Red Devil . . . she had some stuff going. My sense that there was more to life than the physical was strengthened knowing her. I was, for the first time as an adult, transported to a human realm outside the ordinary. Occult, mystical, spiritual: these are words I have used to describe the experience, but words don’t do it justice. There is some deep element that binds us as physical beings to something that we call the spirit world, to the Divine.
And opens the door to power for better or worse. On one occasion we took refuge from a cold late-night downpour in a café on Mass Ave. We were the only patrons until a thin middle-aged man in a leather windbreaker and brown fedora entered. He sat down a couple of tables away and called for coffee, pushing his hat back on his forehead. Pleasant face. Cheekbones casting hollow shadows in the stark overhead light. “Watch this,” said my girl with an impish look and a little chuckle. She stared at the man, but quietly, so he wouldn’t feel her watching him. He grasped the steaming cup that had been set before him, lifted it to his lips, but then put it down without tasting it. He did it again. The twinkle in Red Devil’s eye evolved into a gleam. A dozen times the cup came up. A dozen times it was lowered without the guy taking a sip. A look of bewilderment appeared in the shadows of his face, as if he knew he was being strange but not why. Red Devil got bored or maybe felt pity. I felt the energy change as she let go. Our friend raised his cup yet again and this time completed the motion, taking a mouthful of his now somewhat cooler coffee. He shook his head, perplexed.
It was the
sixties. A lot of us were becoming interested in possibilities beyond what we had been taught in schools and homes: the science, the morality, the subservience, as we saw it, to convention. There was a major folk club called the Unicorn a block over on Boylston Street. I used to hang out there and in my shy way got to know a couple of the people. There was a cute waitress, a tiny girl with long straight blond hair. Her name was Megan. She was friendly but kept to herself. One night at closing time we were talking and she revealed that she had fled Chicago after the coven of witches to which she had belonged held a ceremony in which they called up a demon to kill someone they didn’t like. Soon after the performance of the ritual, the target fell to his death from his apartment balcony. Megan had not expected such an unambiguous result, and was frightened enough to sever ties with the coven and light out for Boston. She lived in fear that her former crowd, or whatever they had summoned, would find her. In my memory she seemed to right away regret having shared that piece of her history. Not long after that, she left the waitressing job and was gone.
Red Devil and I had hooked up in the spring. The following summer she was not around, having gone back to California till the fall semester began. We got back together when school started up again, but she got tired of the emotional numbness I wore like a flak vest over my fear of all things intimate, and drifted away. We lost touch.
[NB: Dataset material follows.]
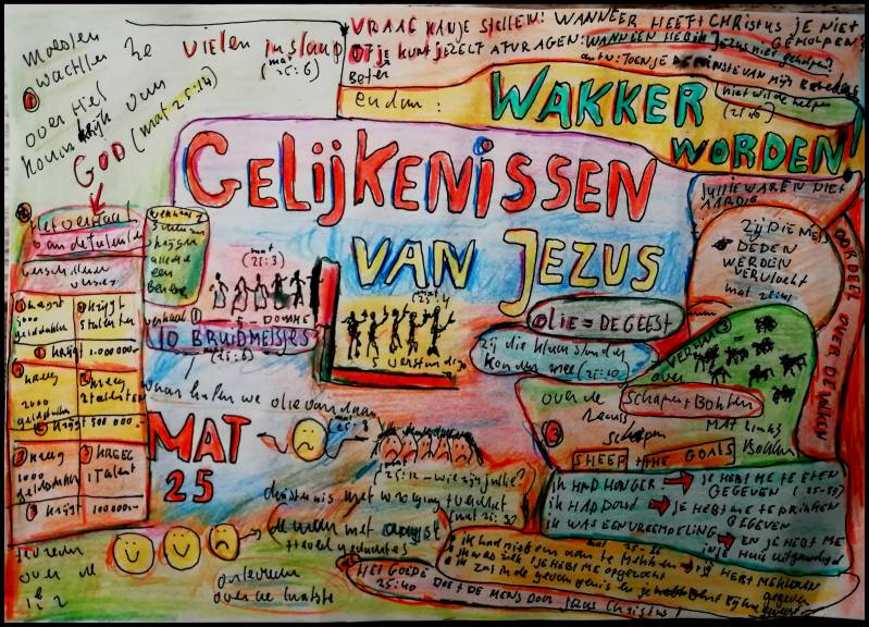 Above an HI-WI drawing from Matthew 25, the story that a young modern pastor chose as the most special.

Fifteen or twenty years later, she turned up at a concert of mine in Northern California. We had dinner together, and it seemed as if it could have gone further, but I was in a relationship and so we said good night and parted company. I never saw her again.
Sometimes the path we’re on diverges from what we inherently, and now and then consciously, realize is our true direction. Call it instinct, especially for a young person who has yet to accrue the experience necessary for it to be wisdom, or intuition. In any case it is a knowledge that precedes and exceeds the conscious mind.